The recent conversation over Glenn Beck’s appeal to the generic god of conservative values has shown that the problem is not so much with Glenn Beck as it is with a church un-phased by the dismantling of her worldview. She is a church afraid to make claims on the nature and foundations of morality. What’s worse is that she is a church that has actually been duped by her own strategy because the public language once used to bandage the moral hemorrhage of society is now core to the belief system of these well-meaning Christians. The doctrine of God no longer is foundational to the message but is viewed more as an impediment to results.

Moral revival must not be separated from spiritual revival. Questions of morality must always point back to a rational justification and worldview. To begin the process of morality at the point of values guarantees a clash of worldviews where Christianity is merely on par with her competition. But where the moral life of the follower of Christ begins is in commitment to her God, not to the comforts of a culture that thrives in the impact of Christian values without commitment to the triune God of Scripture.

This is not an argument for a repeat retreat from culture, but an appeal to recognize that we can’t trust consensus for an establishment of moral values that cohere to a Christian worldview. The shaping of culture and values is inextricably tied to the gospel where as hearts are changed, new and renewed disciples learn to commit their lives to the ethics of heaven for the purpose of pleasing God first and for the advancement of God’s kingdom on earth.

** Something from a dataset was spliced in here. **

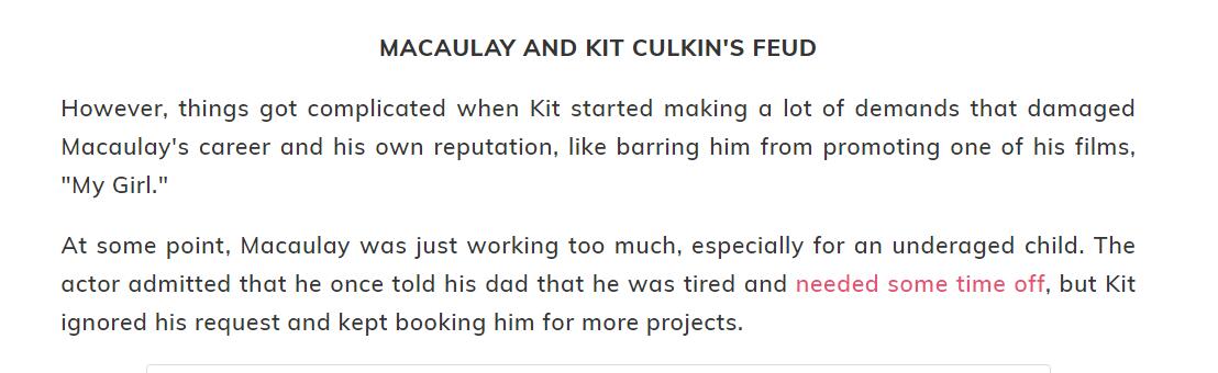 常年以来一直遭受巨大压力的麦考利,也开始放纵自己,而且由于退出了演艺圈,母亲为了打官司又花光了所有的钱,使得生活非常艰难。

In 1979, Koop and Schaeffer wrote:

…the humanist worldview has also brought us to the present devaluation of human life…it is naïve and irresponsible to imagine that this worldview will reverse the direction in the future. A well-meaning commitment to ‘do what is right’ will not be sufficient…It was the materialistic worldview that brought in the inhumanity; it must be a different worldview that drives it out. An emotional uneasiness about abortion, infanticide, euthanasia, and the abuse of genetic knowledge is not enough. To stand against the present devaluation of human life, a significant percentage of people within our society must adopt and live by a worldview which not only hopes or intends to give a basis for human dignity but which really does. (Whatever Happened to the Human Race, p. 81)

Pretending (it is possible) to be without a worldview…or pretending all worldviews are acceptable to answer the great moral questions of our time, is quite naïve. Moral revival is possible, but not unaccompanied by a gospel-framework; a society searching for meaning is left unaided by a Christian morality that sets Christianity aside as if it is only an ancillary aspect of the moral conversation. We must be as committed to the foundations of morality as we are the moral positions themselves, because without understanding Christianity for its exclusive claims makes it likely that breaches in the moral code will be viewed as merely harmless infractions. As time goes by, we tend to become more desensitized to the sin that grieves our Lord and Savior when our primary arguments against these public matters are more about their impracticality.

Moral revival begins with spiritual revival, and first the church must awaken from her restless slumber and reinvigorate her commitment to the authority and teachings of Scripture. Culture can also be a part of this moral revival, but in a way that believers are reaching into the lives of unbelievers with a love your neighbor ethic grounded in a love for God. This God cannot remain the generic god of politically correct conservative pluralism, but must be defined and embraced as the almighty God of biblical Christianity. We are faced with a choice between the compromise of consensus or theological substance which can actually ground Christian ethics.